NASCO, Inc., 501 U.S. 32, 43 (1991). These inherent powers include the
imposition of sanctions for the willful disobedience of a court order or when a
party has acted in bad faith, vexatiously, wantonly, or for oppressive reasons.
Alyeska Pipeline Serv. Co. v. Wilderness Soc’y, 421 U.S. 240, 258–59 (1975).
Sanctions may include outright dismissal of a lawsuit and assessment of attorney’s
fees. See Chambers, 501 U.S. at 45 (“outright dismissal of a lawsuit… is a
particularly severe sanction, yet is within the court’s discretion.” Inherent powers
must be exercised with restraint and discretion, and a primary aspect of that
discretion is the ability to fashion an appropriate sanction for conduct which abuses
the judicial process. Chambers, 501 U.S. at 44-45.
Plaintiff attempts to justify the recording of the Board discussions after he
left by arguing that he, as a Board member, was entitled to listen to and participate
in Board meetings and that his behavior can be likened to “taking detailed notes.”
This justification is belied by the concealed nature of the recordings, the
nondisclosure of the recordings by Plaintiff to the Board, and the disclosure to
Smith and counsel for Plaintiff and Smith for use in Smith’s lawsuit. Plaintiff’s
motivation for recording these meetings is clear: Plaintiff was attempting to gain
information that related to a conflict of interest between him as a Board member
and the romantic partner of an employee of MEC whose interests he was
advocating. Plaintiff has failed to provide good cause for his secretly recording
conversations between MEC and its attorney of which he was the topic of
Moreover, the Court has considered the conduct of Plaintiff since the
recordings. Plaintiff did not disclose to MEC that he had recorded these privileged
conversations. Plaintiff encouraged Smith to listen to the conversations regarding
the relationship between Plaintiff and Smith and how it affected Plaintiff’s duties
as a member of the Board and loyalty to the Board. Plaintiff shared information
that he knew to be confidential in nature with the attorney for both Smith and
Plaintiff in their planning and actions against the Board. The Court finds that
Plaintiff has acted in bad faith. The failure to recognize the significance of
surreptitiously taping private, confidential attorney-client conversations further
demonstrates this bad faith. It is clear that Plaintiff has engaged in bad-faith
conduct intended to abuse the judicial process and harass Defendants.
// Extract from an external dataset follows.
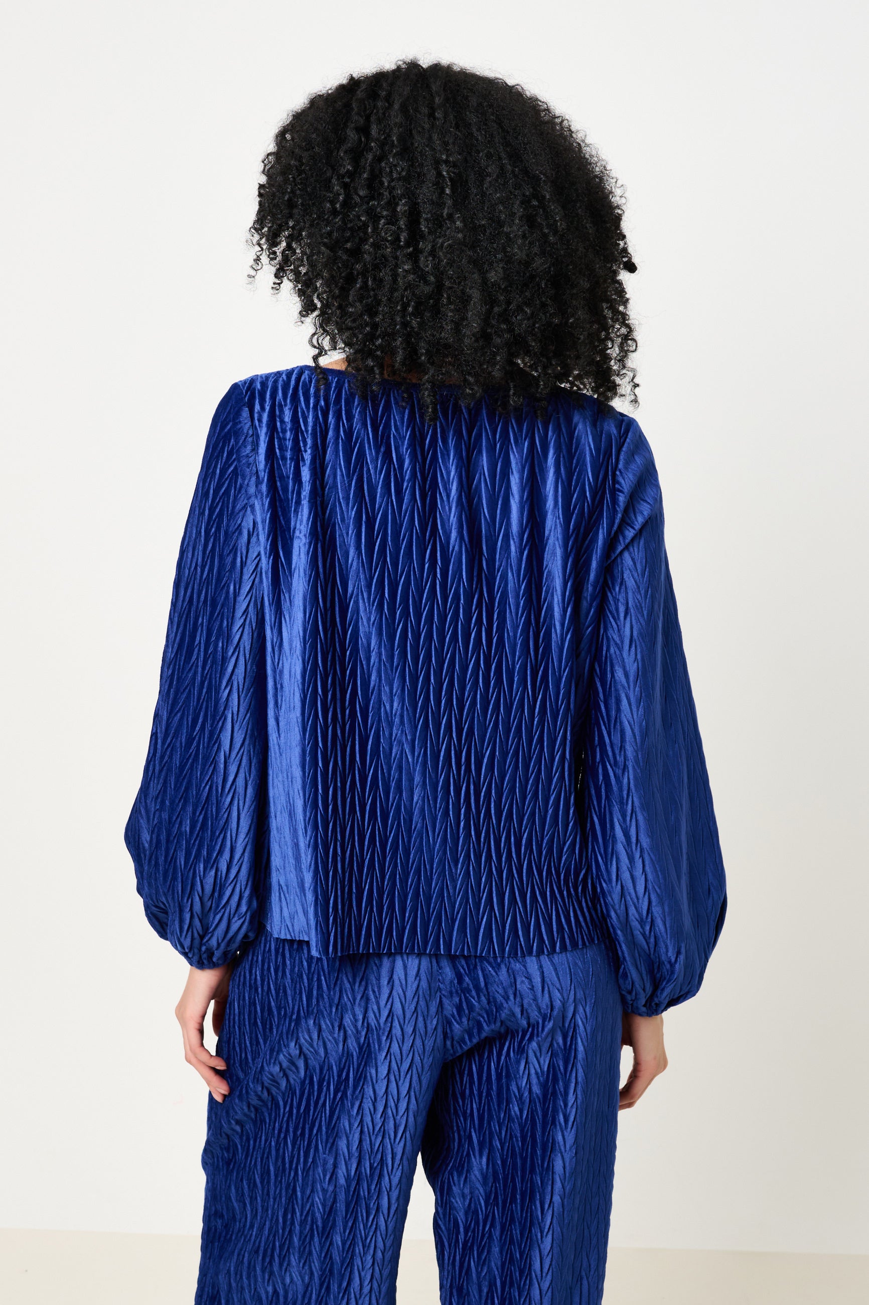 Aba Velvet Pleat Long Sleeve Top - Cobalt

The Court considered the range of sanctions available under its inherent
authority, including monetary sanctions, attorney’s fees, and striking of pleadings.
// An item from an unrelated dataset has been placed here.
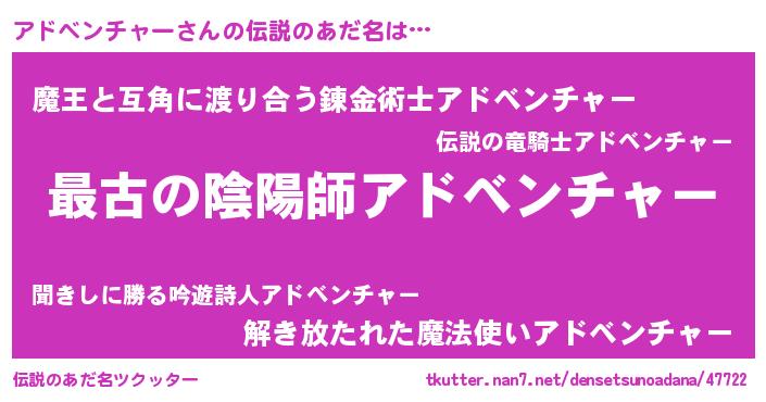 | 意味不明あだ名 | 『アドベンチャーフォーエバー』 |

Although the Court is reluctant to impose the severest of sanctions in the form of
dismissal of the lawsuit with prejudice, it must also consider the extent to which
Plaintiff continued taping and then used the tapes to gain an extremely unfair
advantage over the Board. The Court concludes that dismissal with prejudice is
the appropriate sanction.
IT IS HEREBY ORDERED that based on Plaintiff’s repeated willful
interception of attorney-client conversations over an extended period of time and
the improper use of his position as a Board member of the disclosure of a
privileged communication, this matter is DISMISSED WITH PREJUDICE
under the Court’s inherent authority to impose sanctions. Attorneys’ fees will not
be assessed against Plaintiff.
IT IS FURTHER ORDERED that all pending motions are DENIED as
A separate Order of Dismissal shall accompany this Memorandum and
Dated this 11th day of September, 2018.